The horse was very, very nervous, jerking his head and snuffing his fear through the boy’s hand cupping the big nostrils. It could be Indians, it could be the blood, or it could be the eerie blue light of the closing day bathing the little clearing at the west side of the Allegheny River that had frightened the big horse.
The boy had been in the saddle two days now, traveling as swiftly and lightly as possible, saddlebags strapped in a bulky pack across the withers of the big roan gelding. He liked the rawboned horse because of his 16 ½ hand height letting the boy sit high above other riders, and also because of its toughness. He could carry the boy, the mail packs, the light cavalry saddle, the new English flintlock, the powder horn, bullet pouch, a skinning knife, tomahawk, blanket, some jerked meat, and a small bag of parched corn almost effortlessly all day, usually 50 miles or so each day and still have a show of spirited wildness.

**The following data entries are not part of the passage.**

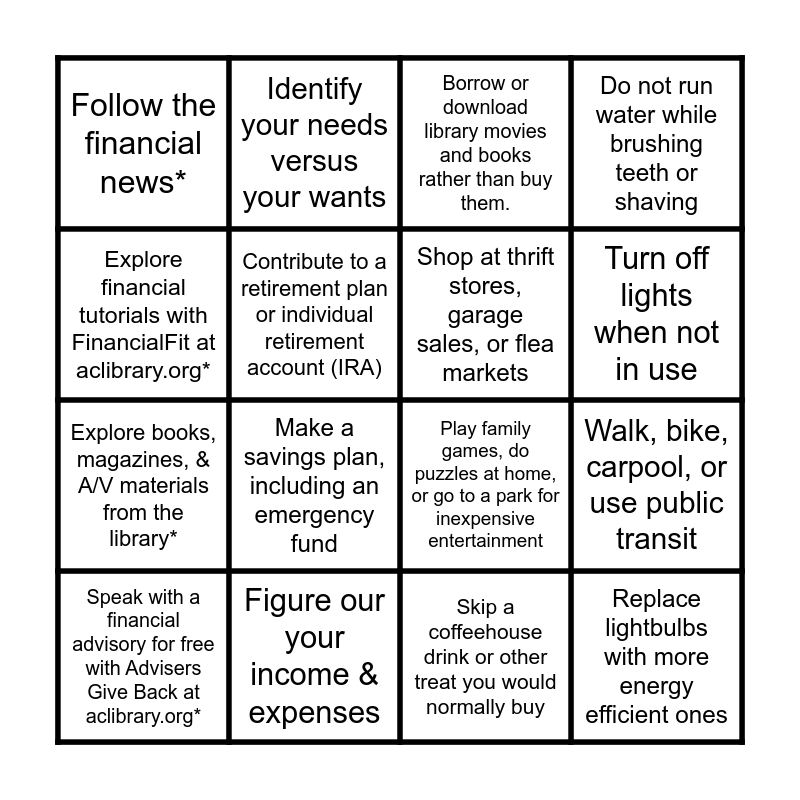 This bingo card has 18 words: Explore financial tutorials with FinancialFit at aclibrary.org*, Figure our your income & expenses, Borrow or download library movies and books rather than buy them., Do not run water while brushing teeth or shaving, Explore books, magazines, & A/V materials from the library*, Identify your needs versus your wants, Play family games, do puzzles at home, or go to a park for inexpensive entertainment, Turn off lights when not in use, Follow the financial news*, Make a savings plan, including an emergency fund, Skip a coffeehouse drink or other treat you would normally buy, Walk, bike, carpool, or use public transit, Speak with a financial advisory for free with Advisers Give Back at aclibrary.org*, Contribute to a retirement plan or individual retirement account (IRA), Shop at thrift stores, garage sales, or flea markets, Replace lightbulbs with more energy efficient ones, Make a savings plan, including an emergency fund and Contribute to a retirement plan or individual retirement account (IRA).
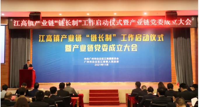 11月24日,白云區(qū)首個(gè)產(chǎn)業(yè)鏈黨組織誕生!江高鎮(zhèn)在白云區(qū)率先啟動(dòng)產(chǎn)業(yè)鏈“鏈長制”工作!江高鎮(zhèn)產(chǎn)業(yè)鏈“鏈長制”工作啟動(dòng)儀式暨產(chǎn)業(yè)鏈黨委成立大會(huì)在白云電器舉辦。會(huì)上,江高鎮(zhèn)為10家鏈主企業(yè)頒發(fā)牌匾,為兩個(gè)產(chǎn)業(yè)鏈黨委揭牌,為8家黨委委員企業(yè)授牌,標(biāo)志著江高鎮(zhèn)產(chǎn)業(yè)鏈“鏈長制”工作正式啟動(dòng)。
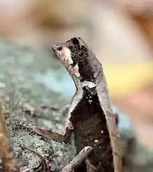 Agasthyagama beddomii, commonly known as the Indian kangaroo lizard, is a diurnal, terrestrial, insectivorous agamid lizard, endemic to the Western Ghats of South India.
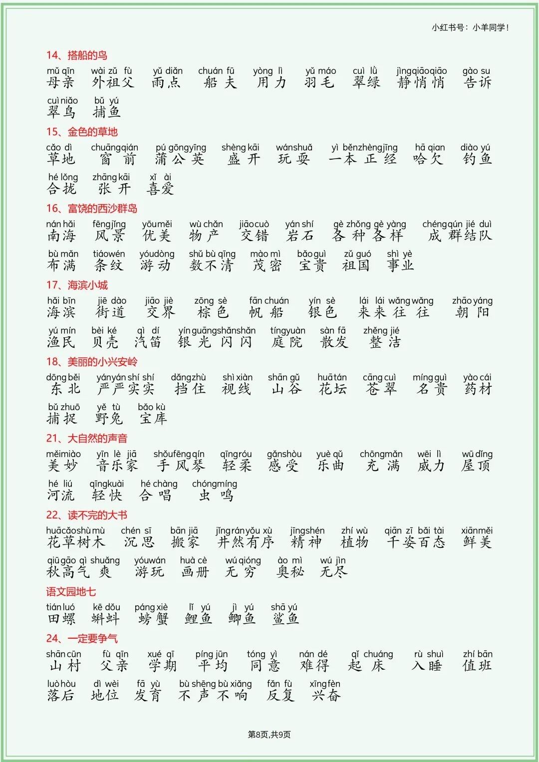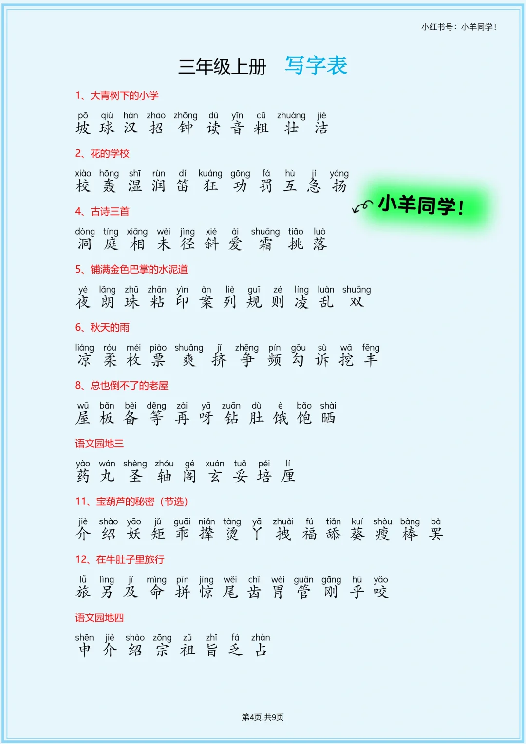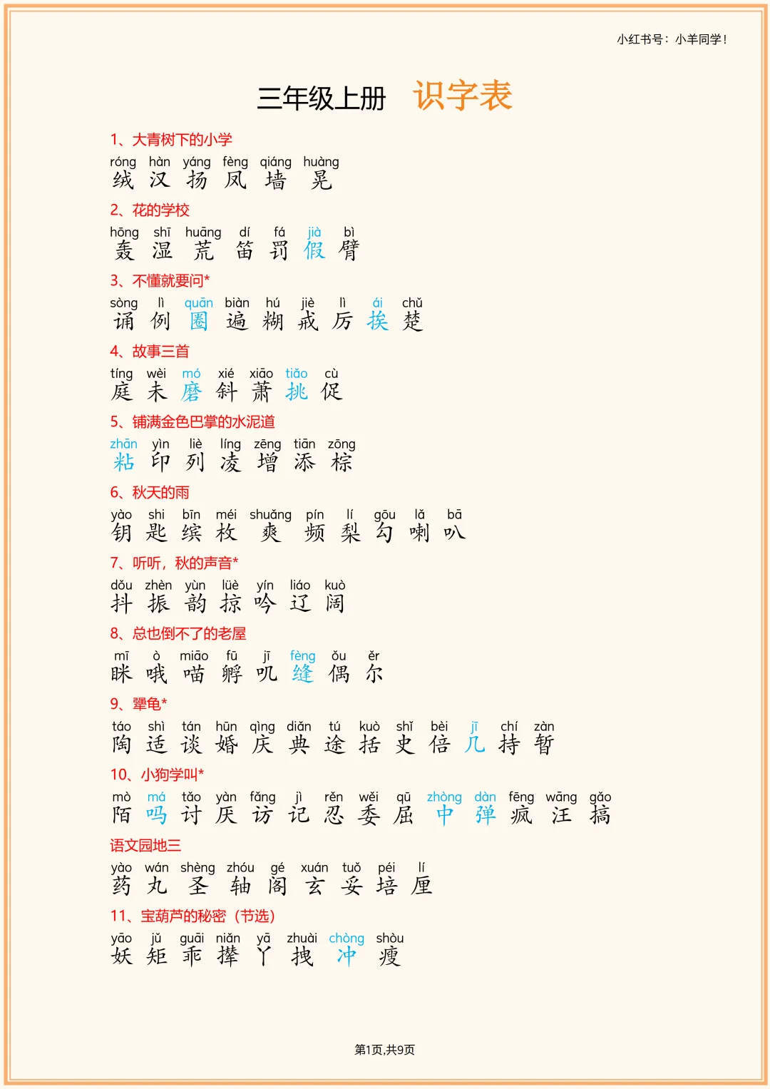 🔥三上教材改版,重做课后生字词表 家人们,谁懂啊!教材改版改得我头都大了🤯 原本整理好的三年级上册课后字表资料,现在全部都要重新做。真的好想哭😭 但一想到能帮孩子们用上最新、最准确的学习资料,又觉得一切都值得。 重新整理了这份三年级上册课后字表,第一时间分享给大家,希望能帮到正在为孩子语文学习发愁的家长们💪 由于资料是暑期定档,不保证和新书一字不差哦~~仅供预习呀~[扯脸H] ⚠️原创整理,禁止转载发布网络平台或商用。
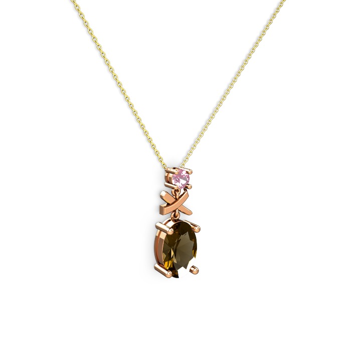Dumanlı kuvars ve pembe kuvars 925 ayar rose altın kaplama gümüş kolye (40 cm altın rolo zincir)
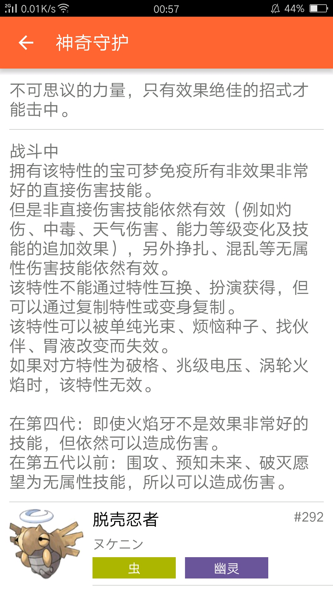 除了飞行,恶,岩石,火,幽灵。这五个属性的招式以外,其他属性的招式对脱壳都是无效果的,(挣扎除外)当然破格另外说。如果脱壳是恶幽灵属性,那么mmo环境下没有攻击技能可以打死它,不过沙暴,雪天,隐形岩,撒菱,还有剧毒,烧伤的负面效果也是可以弄死脱壳的,另外凹凹头盔,附着针和粗糙皮肤,铁刺两个特性也是可以弄死鬼婵的(ps火焰之躯特性也可以不过要被触发),所以这个就是鬼婵算什么PVP不热门,但是确实现在天王队的核心输出手的原因,只要注意几个点基本鬼婵在每个天王都有出场的机会,这样大大提高了搬天王的效率(具体我就不说了)。

But now the horse didn’t like what he was seeing and smelling at this recently wrecked camp. The boy held him back under the shadows of the hemlocks while he studied the bits and pieces of what was a white man’s camp probably as little as an hour ago. He finally pulled the gelding to a tree and snugged the reins in a quick slip hitch, all the while patting and soothing the horse with his hands and low voice. Then, taking the slim little flintlock and checking the pan powder, he slipped from tree to rock to bush until he stood some 50 feet from the head. It was white, he could tell, but the features were so bashed and bloody he could not recognize the man. There was no body, no limbs, and the boy thought they had been thrown in the river just 100 feet away. He stood quietly for ten minutes and finally slipped up to the hanging head and cut the thongs loose. It fell with a thud and rolled over a time giving the boy a shiver with its quick view of all sides. He bent and grasped the leather ties and lifted the head and carried it back to the horse. It would not stand, rearing and jerking, rolling his eyes and baring his teeth until the boy had to put the head down. Then the horse let the boy take the blanket from behind the saddle wrapping the head in it. He tied the bundle to the conchos behind the cantle. Carefully now he guided the big red horse in a circle close to the forest so he would not leave tracks at the camp. He picked his way back to the trail going north. Sounds were muffled in the needles of the 300 year old hemlocks and it was nearly dark.
The boy rode steadily on. He was keenly alert watching for an evening light of fire that would show the Indian party’s night camp. He had been up and down this trail from the confluence of the Ohio River to Lake Erie many times in the past year and had proven to be very reliable to Ensign John Christie at Fort Presque Isle, Lieutenant Francis Gordon at Fort Venango and to Colonel Henry Bouquet Commander at Fort Pitt and of all English forces in this new Northwestern Territory. Now Captain Simeon Ecuyer commanded at Fort Pitt in the absence of Colonel Bouquet as he took care of military business at Philadelphia and Williamsburg. But Bouquet was due back at the fort any day with badly needed supplies of powder and flour.
Still, even at 14 years of age, he had seen much in his short time on the frontier, mostly spent near the fort at the junction of the three rivers and the village of Greensburg some 30 to 50 miles east of the newly built Fort Pitt. He had helped his father survey various Virginia land grants from speculators back on the James River. His father was a big, quiet man whose steady eyes and level voice made understanding and liking him easy and the boy enjoyed tramping along with the two or three man crew, dragging the chains or holding the sighting post or running back and forth in thousands of errands that filled his days.
Now though, he was alone and the hair was stiffly brittle on the back of his neck as he realized his danger.